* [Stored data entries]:
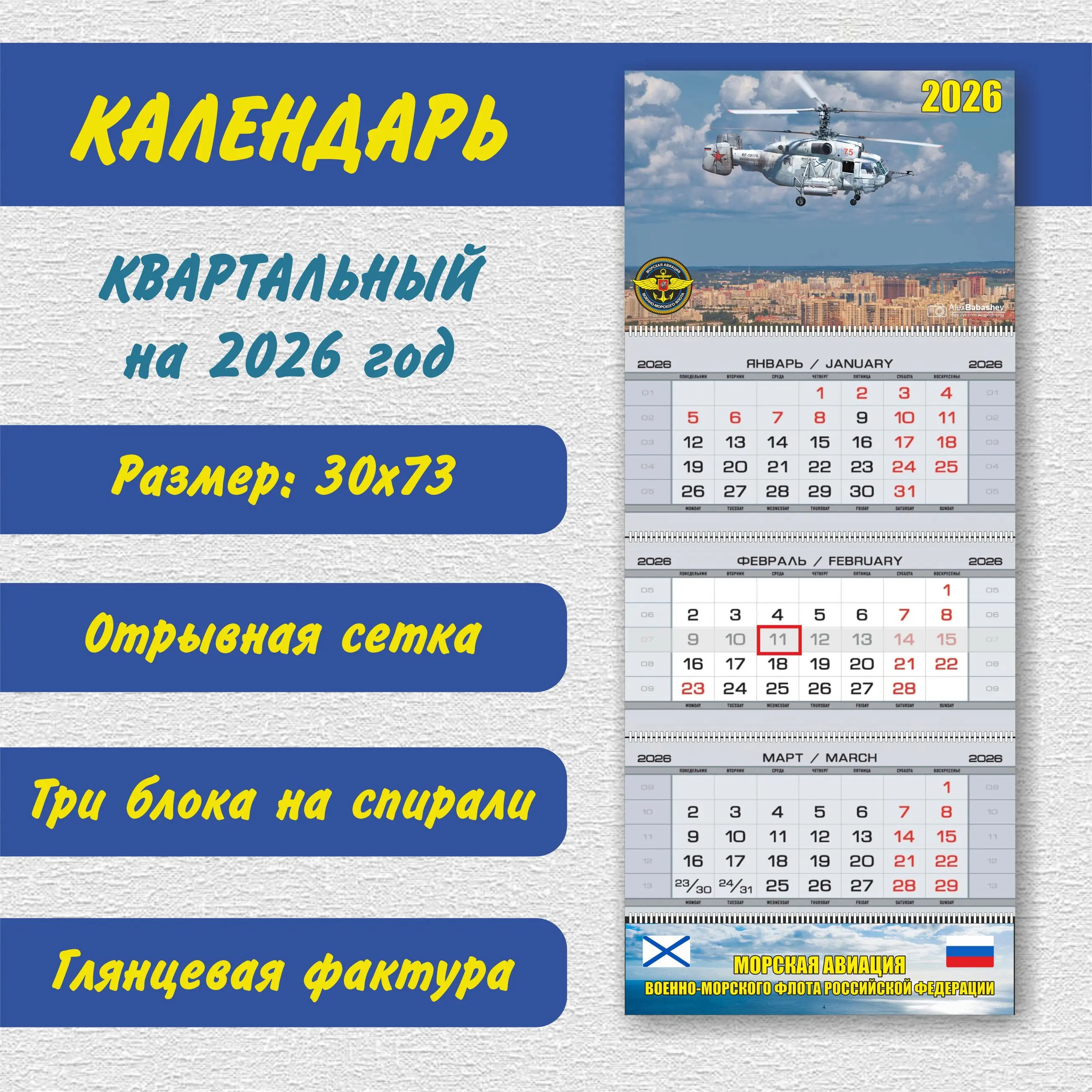 Квартальный календарь «Морская авиация ВМФ России» с вертолётом Ка-27 - состоит из трёх календарных блоков в отдельности. В наличии передвижной курсор для указания даты. Не забывайте, что яркий и красочный квартальный календарь не только полезная вещь в доме, но и прекрасный оригинальный подарок друзьям и знакомым.
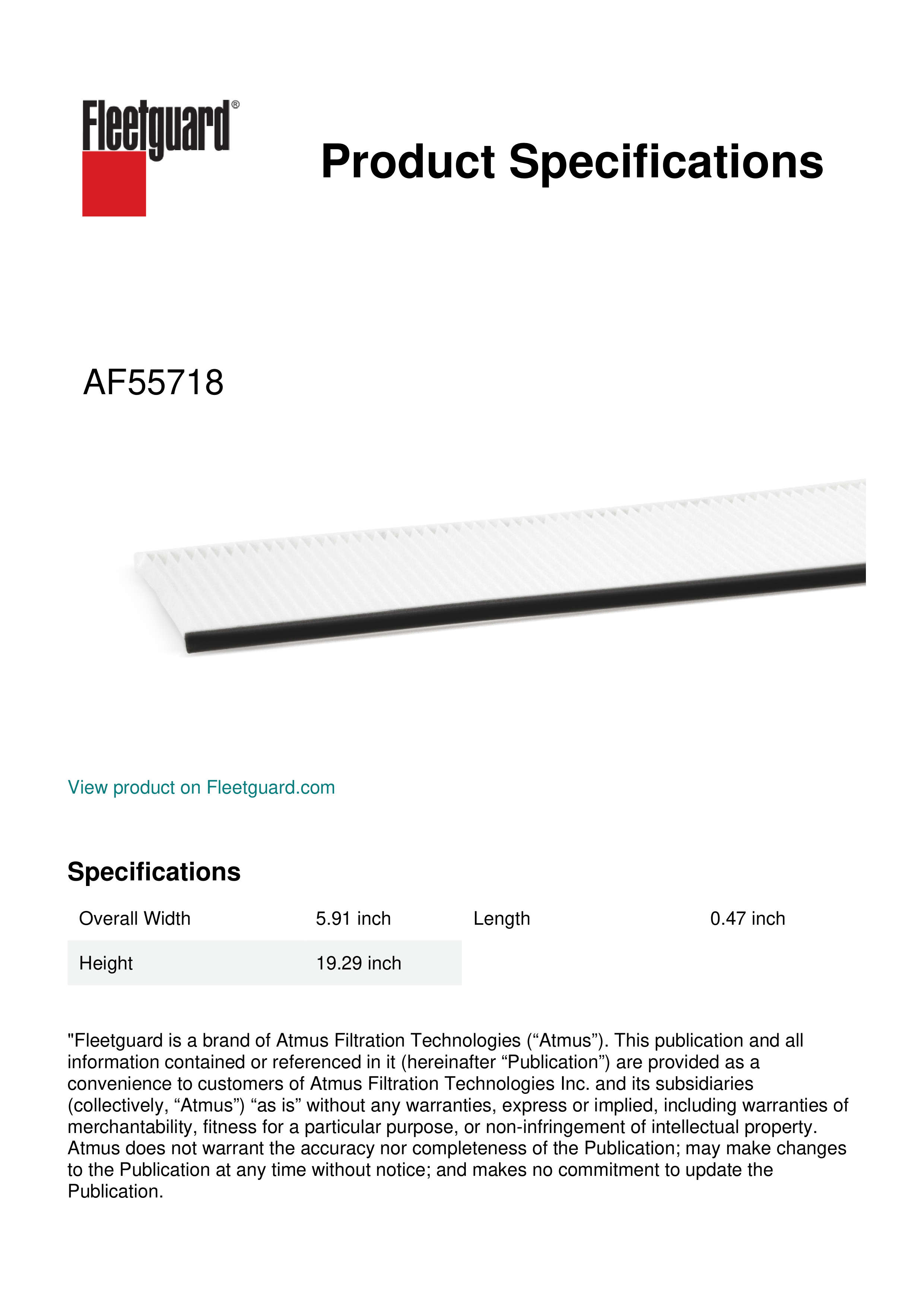 Fleetguard® AF55718 panel air filter provides optimized airflow designed with OEM requirements. Protect your investment and extend the life of your equipment with a filter that delivers superior protection.Specification
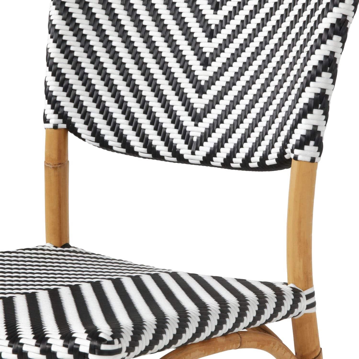 Our McKinley offers our modern take on the classic bistro chair, with a broader woven seat and back in a durable, chevron black/white faux flat rattan or natural flat rattan.
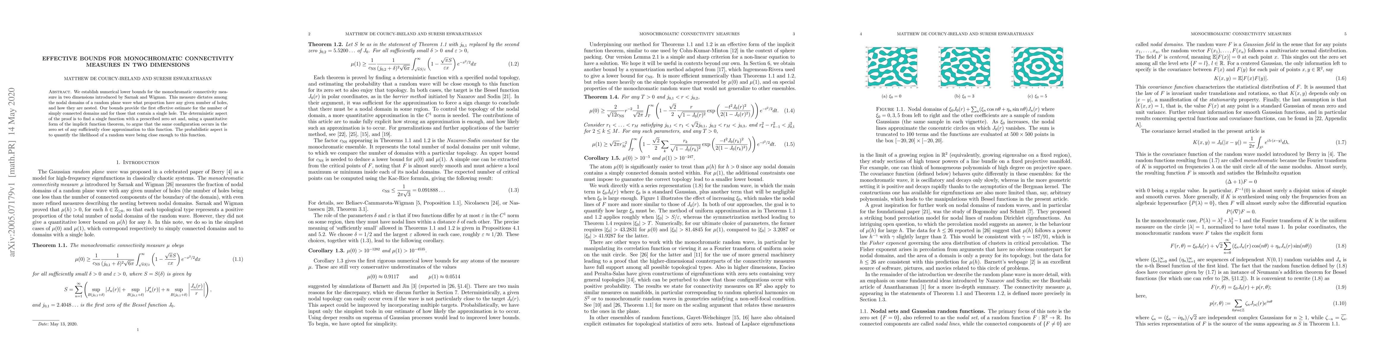 We establish numerical lower bounds for the monochromatic connectivity measure in two dimensions introduced by Sarnak and Wigman. This measure dictates among the nodal domains of a random plane wave what proportion have any given number of holes, and how they are nested. Our bounds provide the first effective estimate for the number of simply connected domains and for those that contain a single hole. The deterministic aspect of the proof is to find a single function with a prescribed zero set and, using a quantitative form of the implicit function theorem, to argue that the same configuration occurs in the zero set of any sufficiently close approximation to this function. The probabilistic aspect is to quantify the likelihood of a random wave being close enough to this function.
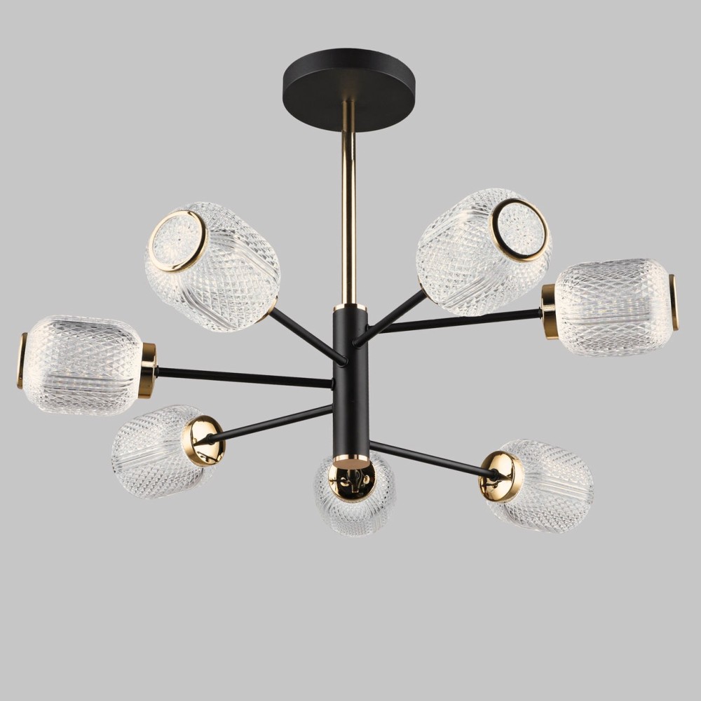 Технические характеристики Люстра потолочная LED, 7*6W, 3000K+6500K, черный+золото PLC-7075-680-7

* [What you should do]:
In the copy you write, the data above must appear exactly, with no pictures.

* [Response to this exercise]:
 Квартальный календарь «Морская авиация ВМФ России» с вертолётом Ка-27 - состоит из трёх календарных блоков в отдельности. В наличии передвижной курсор для указания даты. Не забывайте, что яркий и красочный квартальный календарь не только полезная вещь в доме, но и прекрасный оригинальный подарок друзьям и знакомым.
 Fleetguard® AF55718 panel air filter provides optimized airflow designed with OEM requirements. Protect your investment and extend the life of your equipment with a filter that delivers superior protection.Specification
 Our McKinley offers our modern take on the classic bistro chair, with a broader woven seat and back in a durable, chevron black/white faux flat rattan or natural flat rattan.
 We establish numerical lower bounds for the monochromatic connectivity measure in two dimensions introduced by Sarnak and Wigman. This measure dictates among the nodal domains of a random plane wave what proportion have any given number of holes, and how they are nested. Our bounds provide the first effective estimate for the number of simply connected domains and for those that contain a single hole. The deterministic aspect of the proof is to find a single function with a prescribed zero set and, using a quantitative form of the implicit function theorem, to argue that the same configuration occurs in the zero set of any sufficiently close approximation to this function. The probabilistic aspect is to quantify the likelihood of a random wave being close enough to this function.
 Технические характеристики Люстра потолочная LED, 7*6W, 3000K+6500K, черный+золото PLC-7075-680-7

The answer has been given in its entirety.